══ Listed entries
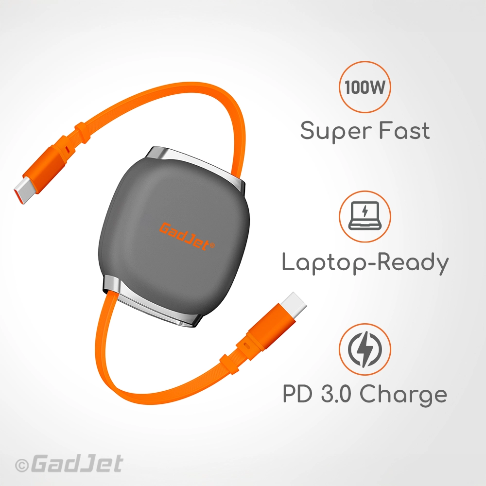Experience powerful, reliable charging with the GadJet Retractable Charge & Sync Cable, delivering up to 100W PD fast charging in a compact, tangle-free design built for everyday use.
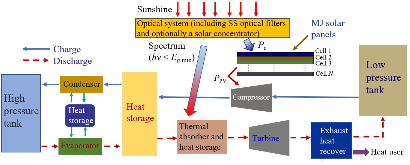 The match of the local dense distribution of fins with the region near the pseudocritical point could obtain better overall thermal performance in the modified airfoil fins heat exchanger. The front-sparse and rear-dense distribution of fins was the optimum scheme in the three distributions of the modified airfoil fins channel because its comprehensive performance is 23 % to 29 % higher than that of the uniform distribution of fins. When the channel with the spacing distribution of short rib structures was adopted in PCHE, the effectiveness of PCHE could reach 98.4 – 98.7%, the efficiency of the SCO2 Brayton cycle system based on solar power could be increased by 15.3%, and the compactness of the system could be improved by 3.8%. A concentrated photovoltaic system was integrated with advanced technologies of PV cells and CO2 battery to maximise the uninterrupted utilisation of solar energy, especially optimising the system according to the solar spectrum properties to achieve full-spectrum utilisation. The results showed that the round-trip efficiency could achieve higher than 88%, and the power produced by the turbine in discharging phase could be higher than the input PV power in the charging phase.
════
══ Listed entries
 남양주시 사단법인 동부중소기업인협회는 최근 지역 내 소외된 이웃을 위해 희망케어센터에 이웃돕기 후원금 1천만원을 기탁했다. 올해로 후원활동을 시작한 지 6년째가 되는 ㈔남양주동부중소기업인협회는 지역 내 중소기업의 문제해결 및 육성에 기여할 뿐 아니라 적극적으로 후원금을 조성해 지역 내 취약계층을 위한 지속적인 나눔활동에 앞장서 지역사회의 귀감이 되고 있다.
════
● **What this task involves**: Among the entries above, find the line with "Experience powerful, reliable" and repeat exactly from there through the line with "The match of", leaving out the pictures.

● **Task solution**:
Experience powerful, reliable charging with the GadJet Retractable Charge & Sync Cable, delivering up to 100W PD fast charging in a compact, tangle-free design built for everyday use.
 The match of the local dense distribution of fins with the region near the pseudocritical point could obtain better overall thermal performance in the modified airfoil fins heat exchanger. The front-sparse and rear-dense distribution of fins was the optimum scheme in the three distributions of the modified airfoil fins channel because its comprehensive performance is 23 % to 29 % higher than that of the uniform distribution of fins. When the channel with the spacing distribution of short rib structures was adopted in PCHE, the effectiveness of PCHE could reach 98.4 – 98.7%, the efficiency of the SCO2 Brayton cycle system based on solar power could be increased by 15.3%, and the compactness of the system could be improved by 3.8%. A concentrated photovoltaic system was integrated with advanced technologies of PV cells and CO2 battery to maximise the uninterrupted utilisation of solar energy, especially optimising the system according to the solar spectrum properties to achieve full-spectrum utilisation. The results showed that the round-trip efficiency could achieve higher than 88%, and the power produced by the turbine in discharging phase could be higher than the input PV power in the charging phase.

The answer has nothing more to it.